Everything that happens in Mass Effect 2 culminates with the so-called “Suicide Mission” where all the characters recruited by Shepard will sacrifice themselves to see the mission through or live to celebrate the victory. It’s probably the best mission in the trilogy, not just because of the exhilarating pacing and the sense of urgency, but mostly because of the way BioWare constructed the trilogy. You see, when you finish a Mass Effect game, you carry over (if you want) your save file, which contains all the major decisions that you took. This means that whatever character dies at the end of Mass Effect 2 will no longer appear in Mass Effect 3.
Mass Effect 2 is more about the characters that Shepard recruits for the cause and less about the hero who wants to save the galaxy. What makes the game even more interesting is that each character is of a different race and culture, so it’s not just individuals that you’re basically recruiting, but entire species to help save the world.
Last but not least, Mass Effect 3 is considered the big finale of Shepard’s saga. As we all know, there’s also a Mass Effect 4 (aka Mass Effect: Andromeda), but it features a different protagonist and it’s considered a standalone sequel.
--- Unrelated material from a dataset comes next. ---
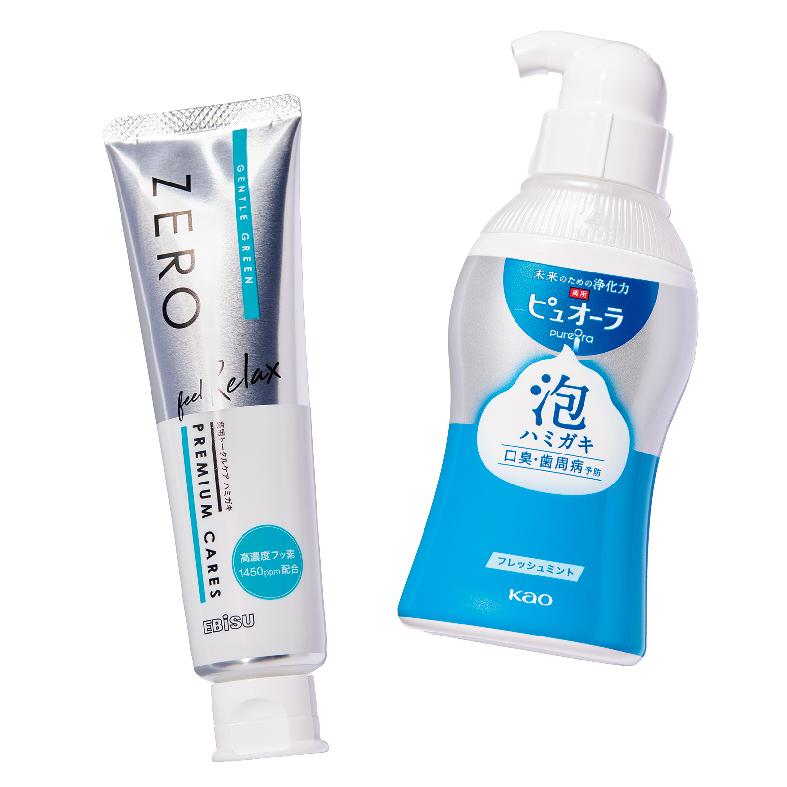 左から:濃密でキメ細かな泡がステインを浮かせて落とす薬用トータルケアハミガキ。ゼロプレミアムケアズ リラックス 90g ¥877[医薬部外品]〈編集部調べ〉(エビス)、ふんわり泡が舌に密着。口の隅々まで殺菌、口臭や歯周病を予防。薬用ピュオーラ泡ハミガキフレッシュミントの香味。190ml ¥1,375[医薬部外品]〈編集部調べ〉(花王)
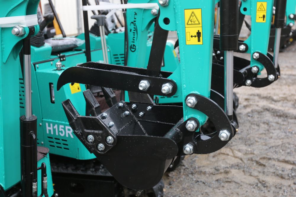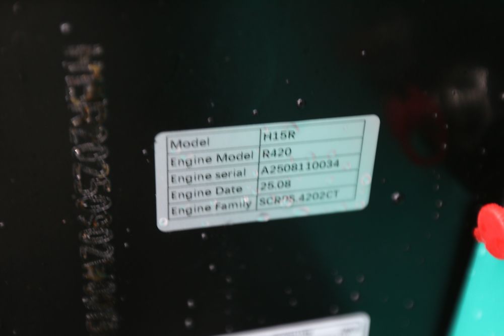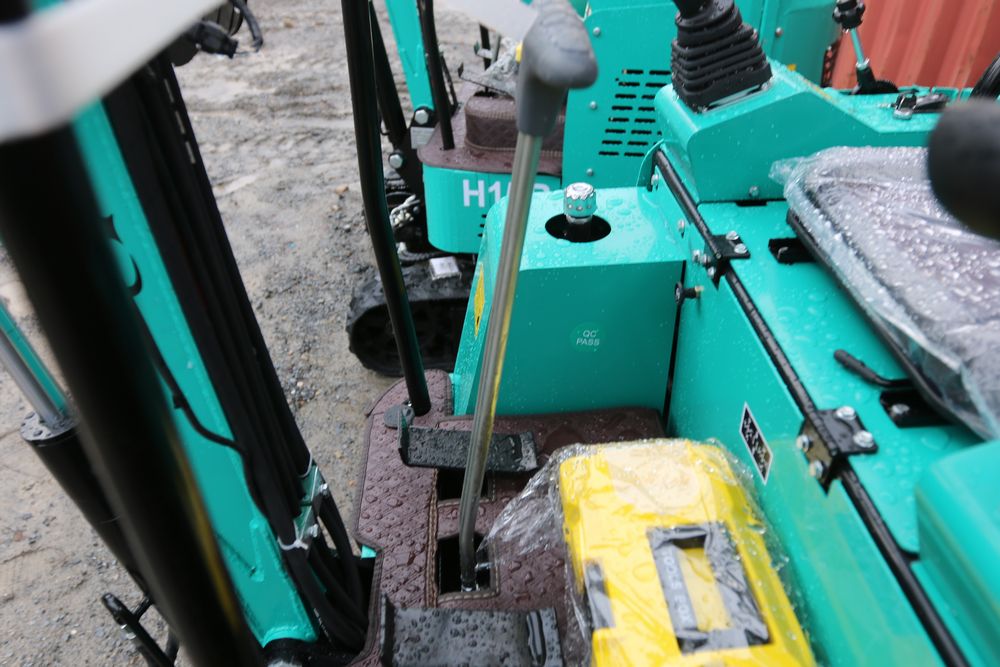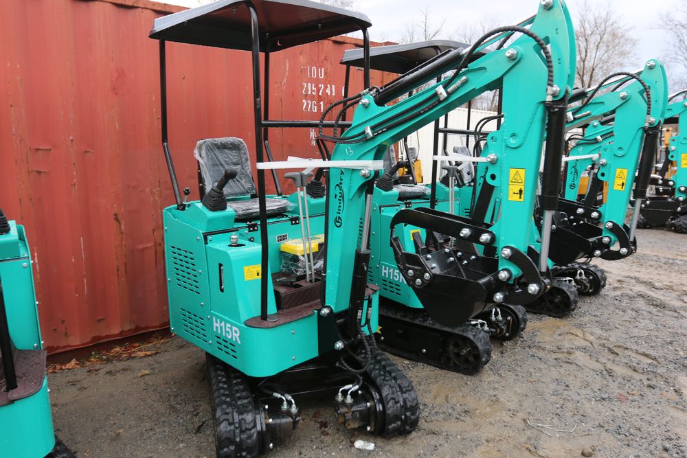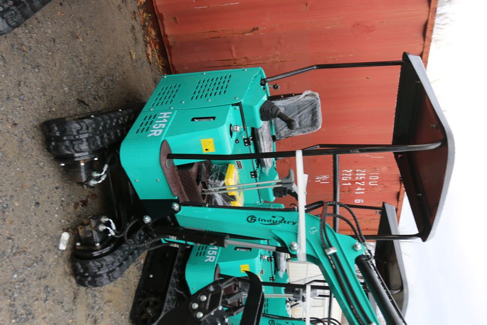 New 2025 CFG Industrial gas powered mini Excavator model H15R with 420cc gasoline engine, bucket, 4' long tracks, 38.5" wide base, 6" wide tracks, canopy, hydraulic boom & bucket controls, pilot system, thumb, dozer blade. Hours reading less than 1 hour.

Anyway, from the moment you start Mass Effect 3, it feels like everything you’ve done in the first two games was almost pointless. The archenemy is here and it’s destroying everything and everyone, so it’s up to you, Shepard, to unite the most powerful races and try to prevent advanced intelligent life from disappearing.
The entire game is about getting enough resources to fight the strange hybrid race called Reapers, so you’ll be flying all over the galaxy(ies) searching for new ways to delay the inevitable. It’s a different approach from the other two games and while Mass Effect 3 is considered the weakest of the three, I believe that’s entirely due to the ending.
Mass Effect 3 has multiple endings, so depending on how you perform throughout the campaign and the decisions you take, you’ll get a different ending. What makes Mass Effect Legendary Edition great is that it seamlessly incorporates all the DLC that were released after the games. In this case, the Citadel DLC sheds more light on what happens with Shepard after the ending of Mass Effect 3, and that’s what BioWare should have included in the original game from the beginning.
- Outstanding sci-fi story
- Major visual and gameplay improvements
- Very convenient to have all three games in a bundle
- Saves carry over between games
- Mass Effect 1 remains janky
- Multiplayer completely removed
The entire trilogy sends players throughout this amazing sci-fi universe that feels alive and vibrant everywhere you look. Perhaps these games should have been remastered separately to get the attention they deserve, but having the entire trilogy in a single bundle that’s perfectly playable nearly 15 years after the release of the first game is surely convenient.